Vorstellrunde

franziska177
[1] 27.04.08, 10:52

Hallo ihr Lieben,

ich heiße wie unschwer zu erkennen ist Franziska bin 22Jahre alt und seid Aug. 07 glücklich verheiratet.

Auch wir mussten diese schreckliche Erfahrung machen, im Januar diesen Jahres verloren wir unseren Sohn Alexander in der 21.SSW nach einem vorzeitigem Blasensprung.
Nachdem die Fruchtblase geplatzt war lag ich 11 Tage im Krankenhaus es war ein auf und ab an guten und schlechten Nachrichten.Als WIR endlich wieder Hoffnung schöpfen konnten, wollte unser kleiner anscheinend nicht mehr.Ich habe ihn dann mit Unterstützung von meinem Mann und meiner Mutter am 11.01.08 still geboren.

Die Zeit danach war hart und auch jetzt kann ich noch nicht ganz damit umgehen, denn wir müssen noch einen schweren Weg gehen. Am 30.05.08 ist die Beerdigung von unserem geliebten Sohn. Er hatte bei der Geburt noch nicht die 500g erreicht, somit wird er durch eine "Sammelbeerdigung" aller Früh- und Totgeburten beigesetzt, diese findet 2mal im Jahr statt.

Für uns ist das so zusagen der letzte Schritt um uns endgültig von Alexander zuverabschieden und wir hoffen, dass wir dann etwas abschliessen können um wieder nach vorn zu schauen(er wird immer in unserem Herzen bleiben), denn unser Kinderwunsch ist nach wievor sehr groß. Alexander war unser erstes Kind.

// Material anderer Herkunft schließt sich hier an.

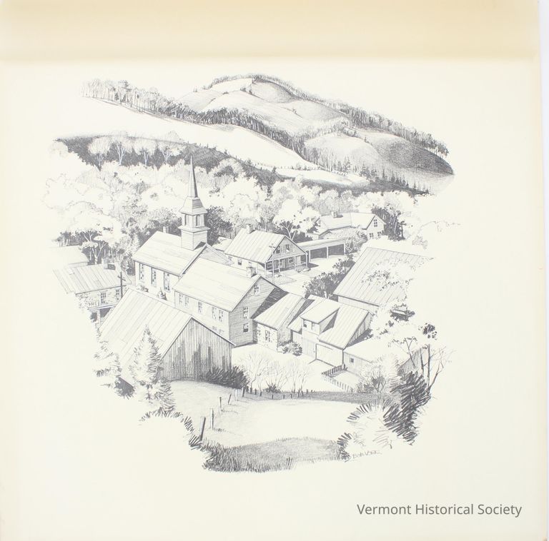 The proper right side shows an aerial view of a town center, with a white steepled church at center. Additional red and white buildings dot the rolling hills, which are painted in both greens and golds.
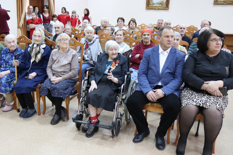 Праздничный концерт, посвященный 80-летию Победы в Великой Отечественной войне и Году защитника Отечества, прошел 20 марта в Доме-интернате для ветеранов войны и труда «Лесное». Поздравить ветеранов пришли юные артисты хореографического коллектива «Крылья» и вокальной студии «Дорогою добра». В ходе мероприятия юбилейными медалями были награждены пятеро жителей Дома-интерната «Лесное». Вручил памятные медали и сказал теплые слова в адрес ветеранов глава областного центра Александр Шаботинский.
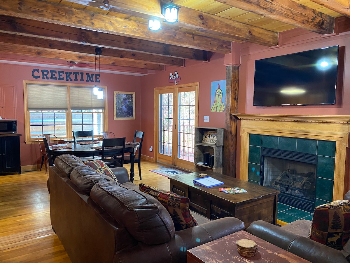 Cabaña CreekTime: jacuzzi, arroyo, ¡juegos de arcade!
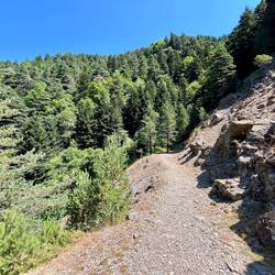 Ordinary cars have to be parked in the spacious car park about 9km from the village of Es Bordes. From there, we took the tourist train 3 more km up to the plain in the centre of the valley, close to a Refuge or mountain hut. We had debated whether to take the train up or down, and to walk in the opposite direction - we opted for the former and were very pleased when we saw the steepness of the remaining climb up to the plain.

Was habt ihr alles gemacht um mit der Trauer fertig zu werden? - Wir haben leider das Pech , dass unsere Verwandtschaft das geschehene tot schweigt. Nur wir als Ehepaar und unsere Eltern unterstützen uns und trauern mit, der Rest tut so als wäre nichts geschehen. Schade.
Wie war das bei euch, hattet ihr auch recht früh den Wunsch wieder Schwanger zu werden?
Wie lange hat es bei euch gedauert, bis es wieder gklappt hat?


Freue mich auf Antworten von euch.
Liebe Grüße
Fränzi

fipslmaus
[2] 28.04.08, 17:35

okay dann auch hier :-)

ich bin Ute und kürzlich 38 geworden. Fühle mich aber nicht so. Ich hatte am 04.07.2006 einen Not-KS. Meine kleine Linda mußte leider in der 27. Woche geholt werden und starb dann am nächsten Morgen.

Ich hätte sehr gern ein Kind bin aber sehr ängstlich. Mein Mann und ich gehen immer gemeinsam auf den Friedhof, das gehört zu unserem Leben dazu. Wir gehen sehr realistisch damit um, denn unsere Kleine hatte Missbildungen und Hirnblutungen sodass sie schwerstbehindert gewesen wäre.

Leider habe ich erst im 6. Monat die SS bemerkt und hatte keine Zeit alles zu realisieren, da sich alles in 4 Wochen abspielte. Ich habe meine Süße erst eine Stunde nach ihrem Tod gesehen, wir haben sehr lang Abschied genommen und das war auch sehr wichtig.

Ich bin im Anschluss gleich wieder arbeiten gewesen, da mein Arbeitsumfeld aus Psychologen und Sozialpädagogen besteht hatte ich immer das Gefühl jederzeit reden zu können, was mir geholfen hat. Irgendwann habe ich mal für mich alles niedergeschrieben und das hat mir geholfen.

Ich freue mich auf einen netten Austausch mit Euch.